SAN FRANCISCO: "We are team-oriented, highly ethical, extremely competitive, profit-oriented, risk-averse,
consumer-focused, and we try as much as possible to squeeze out any ego. Hubris is the beginning of the end."
Herbert Sandler, June 2005
Herbert Sandler, the founder of the Center for Responsible Lending, is standing in his bayfront office watching a DVD that
trains brokers to pitch mortgages by extolling the glories of the real estate boom.
The video reeks of hucksterism, and it infuriates Sandler.
"I would not have approved that!" he declares. "I don't think we should be selling our loans based on home prices continuing
to go up."
But the DVD was produced in 2005 by a mortgage lender that Sandler and his wife, Marion, ran at the time: World Savings
Bank. And the video was a small part of a broad and aggressive effort by their company to market risky loans at the height
of the housing bubble.
The Sandlers long viewed themselves and were viewed by many others as the mortgage industry's model citizens.
Now they too have been swept into the maelstrom surrounding who is to blame for the housing bust and the growing number of
Once invited by Congress to testify about good lending practices, the Sandlers were recently parodied on "Saturday Night
Live" as greedy bankers who handily sold their bank and pocketed $2.3 billion in shares and cash in 2006 before
many of their loans began to sour.
Last month, the U.S. attorney's office in San Francisco announced dual inquiries into whether World Savings engaged in
predatory lending practices or misled investors about its financial well-being.
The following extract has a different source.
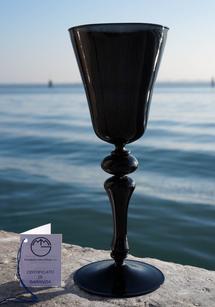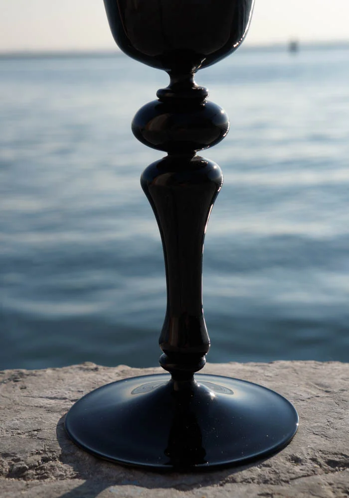 Calice in vetro Veneziano nero realizzato a mano dai nostri artigiani Muranesi.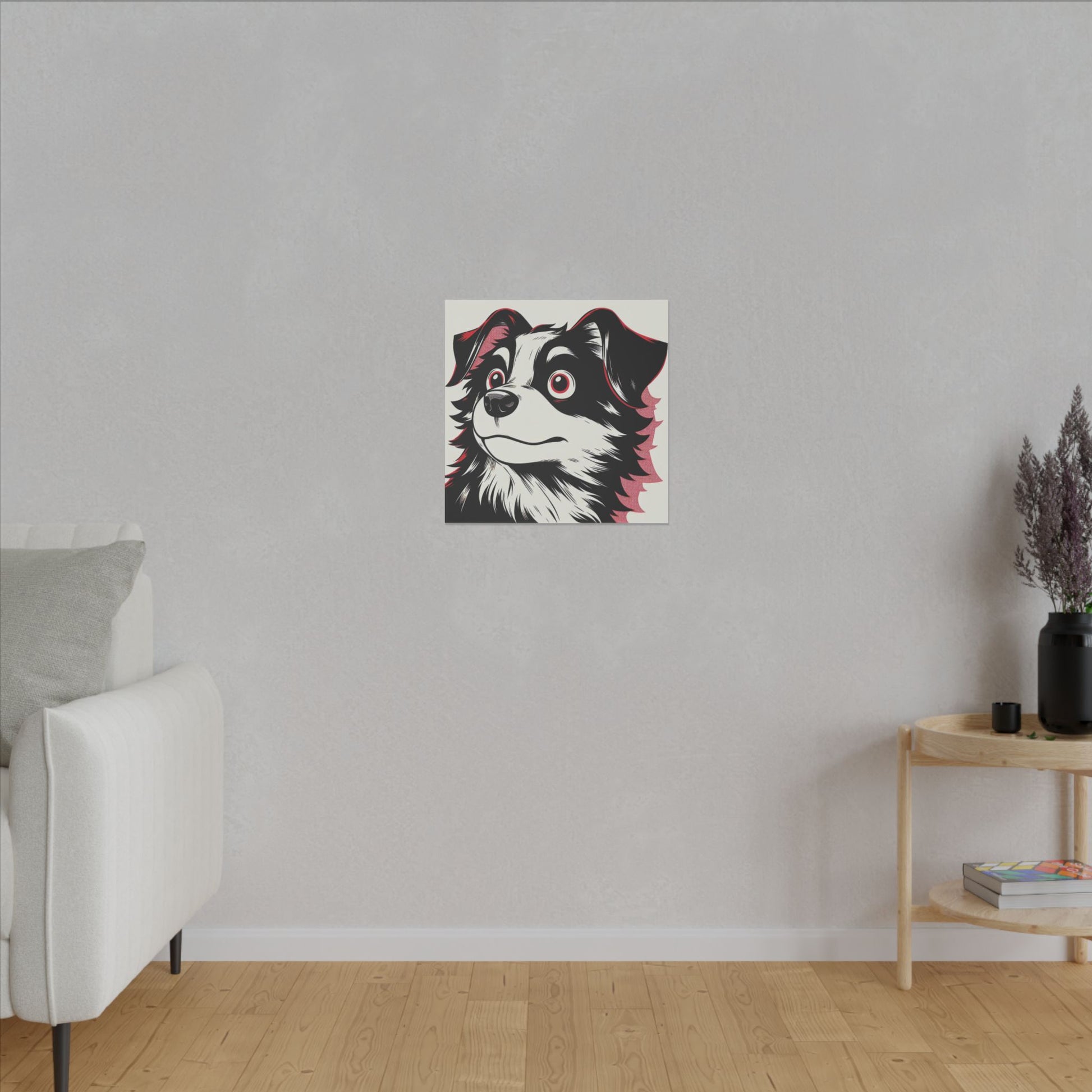 Elevate your space with this stunning little puppy sketched on canvas. The vibrant colors and texture create a striking visual impact, adding a touch of fun to any room. Bring a touch of artistry and charm with this unique canvas piece.

And the bank has been sued by numerous borrowers
who claim they were misled into taking out mortgages they could not afford.
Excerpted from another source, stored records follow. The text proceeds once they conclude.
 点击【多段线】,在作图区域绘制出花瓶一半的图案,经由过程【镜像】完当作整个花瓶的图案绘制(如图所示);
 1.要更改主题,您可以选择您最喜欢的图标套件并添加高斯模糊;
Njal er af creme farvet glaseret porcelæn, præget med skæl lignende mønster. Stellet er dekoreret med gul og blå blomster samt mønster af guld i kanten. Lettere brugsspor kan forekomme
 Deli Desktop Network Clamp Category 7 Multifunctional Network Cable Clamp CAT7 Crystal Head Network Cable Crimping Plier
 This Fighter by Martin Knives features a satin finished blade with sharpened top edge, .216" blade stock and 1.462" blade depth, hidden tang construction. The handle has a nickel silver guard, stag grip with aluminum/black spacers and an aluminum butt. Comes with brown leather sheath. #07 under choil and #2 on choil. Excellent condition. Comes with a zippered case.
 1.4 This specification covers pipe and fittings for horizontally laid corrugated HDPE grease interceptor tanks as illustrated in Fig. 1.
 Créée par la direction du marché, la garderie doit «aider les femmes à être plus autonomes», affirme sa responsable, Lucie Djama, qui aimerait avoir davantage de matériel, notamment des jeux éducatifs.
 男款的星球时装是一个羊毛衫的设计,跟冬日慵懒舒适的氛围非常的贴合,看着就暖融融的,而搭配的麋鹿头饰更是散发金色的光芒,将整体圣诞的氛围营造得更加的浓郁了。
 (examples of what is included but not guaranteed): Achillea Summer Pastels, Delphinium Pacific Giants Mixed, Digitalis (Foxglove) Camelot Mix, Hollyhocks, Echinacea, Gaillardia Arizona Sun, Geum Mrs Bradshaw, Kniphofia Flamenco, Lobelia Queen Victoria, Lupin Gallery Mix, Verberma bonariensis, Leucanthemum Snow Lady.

At the center of the controversy is an exotic but popular mortgage the Sandlers pioneered that helped generate billions
of dollars of revenue at their bank.
Known as an option ARM and named "Pick-A-Pay" by World Savings it is now seen by an array of housing analysts
and regulators as the Typhoid Mary of the mortgage industry.
Pick-A-Pay allowed homeowners to make monthly mortgage payments that were so small they did not cover their interest charges.
That meant the total principal owed would actually grow over time, not shrink as is normally the case.
Now held by an estimated two million homeowners, the option adjustable rate mortgage will be at the forefront of a further
wave of homeowner distress that could greatly delay or even derail an economic recovery, mortgage industry analysts say.
Wachovia, which bought the Sandlers' bank two years ago, was so battered by the souring portfolio of World Savings that
it began writing off losses now projected at tens of billions of dollars and eventually stopped offering option ARMs.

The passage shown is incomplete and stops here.